В своей «Философии искусства» он рассматривает литературные жанры и, в частности, роман, в котором «на частном или ограниченном материале осуществляется изображение более значимое и как бы более безразличное» [4, с. 457]. Роман «должен быть зеркалом мира, по меньшей мере, зеркалом века и, таким образом, частной мифологией» [4, с. 461]. В качестве примеров мифологии, «созданной гением одного человека», он приводит героев романов «Гамлет», «Дон Кихот». Он относит их, а также образы «Божественной комедии» и «Фауста» к «мифам Нового времени». Мифологизм романов он характеризует как «самую удивительную, содержательную и живописную картину жизни» [4, с. 465].

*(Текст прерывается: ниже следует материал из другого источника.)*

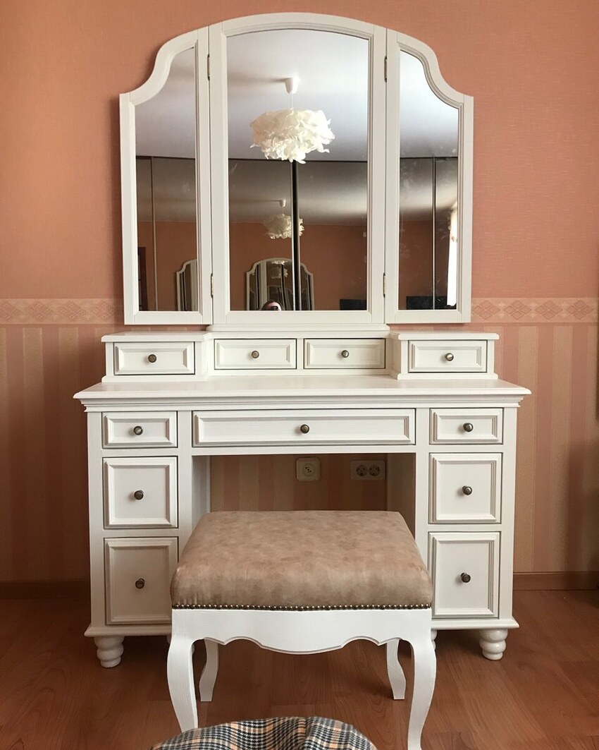 - Трюмо. Классика жанра – туалетный столик «трюмо» с большим зеркалом. Откидная конструкция позволяет убирать зеркало, когда оно не используется, сохраняя его чистоту и освобождая место.

Немецкий философ и культуролог Эрнст Кассирер в первой половине XX столетия разработал символическую теорию мифа, которая рассматривает мифологию наряду с языком и искусством как «автономную символическую форму культуры, отмеченную особым способом объективации чувственных данных и одновременно как замкнутую систему, объединенную и характером функционирования, и способом моделирования окружающего мира» [1, с. 169]. Миф он называет формой человеческого мышления и, таким образом, усматривает связь между мифом и языком [5, с. 247]. Кассирер отмечает активную, творческую силу знака в мифе и языке, в художественном творчестве [5, с. 35].

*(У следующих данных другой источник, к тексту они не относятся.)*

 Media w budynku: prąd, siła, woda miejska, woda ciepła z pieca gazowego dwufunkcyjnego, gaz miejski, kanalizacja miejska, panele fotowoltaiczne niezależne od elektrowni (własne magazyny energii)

Роман о Робинзоне подобно мифу, насыщенному художественными образами, имеющими определенное знаковое выражение, отвечает на вопросы о жизни человека, его месте в мире. Его можно охарактеризовать как приключенческий, роман воспитания, философский, как аллегорическую притчу, рассматривающую вопросы религии и идеи просветителей, в частности, учение Джона Локка о человеческом разуме. Пытаясь выжить в дикой природе, Робинзон познает окружающую среду. Он детально описывает все происходящее вокруг и, называя каждый предмет, строит жизнь вокруг себя «по образу и подобию», соответственно идеям своей эпохи. Таким образом, Робинзон покоряет
дикую природу благодаря знаниям и опыту цивилизованного человека.
Труд и время - это ресурсы, которые Робинзон использует, чтобы ответить на вызов судьбы: "It was in vain to sit still and wish for what was not to be had" [6, р. 44] («Бесполезно было сидеть сложа руки и мечтать о том, чего нельзя было получить») [7, с. 78]; "I had never handled a tool in my life, and yet in time, by labour, application and contrivance, I found at last that I wanted nothing but I could have made it, especially if I had tools". "If I had wanted a board, I had no other way but to cut down a tree, set it on edge before me and hew it flat on either side with my axe" [6, р. 56]. «Ни разу в жизни до тех пор я не брал в руки столярного инструмента, и тем не менее благодаря трудолюбию и прилежанию я мало-помалу так наловчился, что несомненно мог бы сделать что угодно, в особенности располагая таким инструментом. Так, например, когда мне нужна была доска, я должен был срубить дерево, очистить ствол от ветвей и, поставив его перед собой, обтесывать с обеих сторон до тех пор, пока он не приобретал необходимую форму» [7, с. 98]. Труд является одним из ключевых моментов в ответе на вопрос о выживании Робинзона.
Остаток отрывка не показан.